Type 2 Diabetes, Insulin Resistance and NASH
Type 2 diabetes is a common co-morbidity of obesity and NAFLD, and a disease in which the concentration of blood sugar is elevated due to an imbalance of insulin production from insulin-secreting beta cells in the pancreas and insulin action at the tissue level, known as insulin resistance. This causes damage to small and large blood vessels and, potentially, leads to blindness, amputation and kidney disease along with an increased risk of heart attack, stroke and premature death. Insulin resistance has been implicated as a key condition leading to hepatic steatosis and, subsequently, NASH. An estimated 65% of type 2 diabetes patients have NASH. The presence of diabetes is associated with worse liver disease and, in patients with NAFLD and NASH, type 2 diabetes is associated with more severe hepatic and adipose tissue insulin resistance, and more advanced liver steatosis, inflammation and fibrosis by liver histology. In addition, administration of insulin may increase steatosis, making the treatment of patients with type 2 diabetes and NASH challenging. The role of insulin resistance and hyperglycemia in the pathogenesis of NAFLD suggests that improving insulin sensitivity and normalizing glucose levels could prevent the development of NASH and progression of disease.

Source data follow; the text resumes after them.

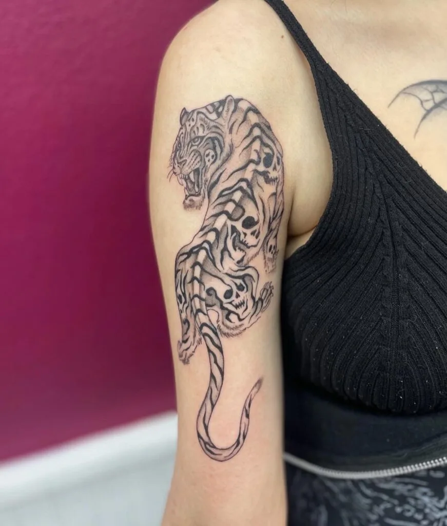 This bold tattoo captures a roaring tiger in mid-motion, its stripes cleverly integrated with skull motifs. The design symbolizes fearlessness, mortality, and raw energy, creating a piece that feels both primal and deeply symbolic.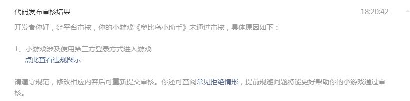 提审了一个微信小游戏,使用到【第三方游戏账号登录】,提审不通过。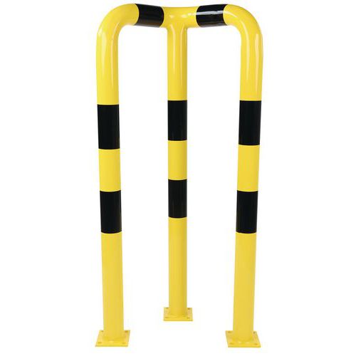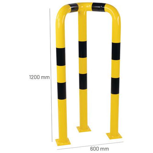 Arceau de protection de construction robuste pour la sécurisation de vos angles. Revêtement noir/jaune pour signaler le danger de façon visible. Fixation via platine à sceller.

Targeting insulin resistance directly
Insulin-resistant patients that remain inadequately controlled often have NAFLD, low HDL cholesterol level and increased waist circumference, and are likely the best candidates for treatment with insulin sensitizers. Thiazolidinediones, or TZDs, such as pioglitazone and rosiglitazone, are a notable class of drugs that function as insulin sensitizers to potentiate the effect of insulin, improving glycemic control and dyslipidemia and, therefore, providing a valuable addition to diabetes therapy. However, the clinical use of TZDs has been limited by the risk of adverse events, including congestive heart failure, for which there is an FDA boxed warning, weight gain, peripheral edema/fluid retention, bone fractures and an association with bladder cancer for pioglitazone. We believe the introduction of an insulin sensitizer without the adverse effects and safety profile of the TZDs would provide a meaningful addition as combination therapy with incretins, with the goal of normalizing glucose levels in patients with type 2 diabetes. While numerous new drug classes are available, none target insulin resistance nor have the potential to resolve persistent hyperglycemia when used in combination with other available diabetes treatments. We believe NGM313 has the potential as an insulin sensitizer for use as monotherapy or in combination with other drug classes, like GLP-1 analogs, to halt the progression of, and potentially reverse, diabetes and NASH.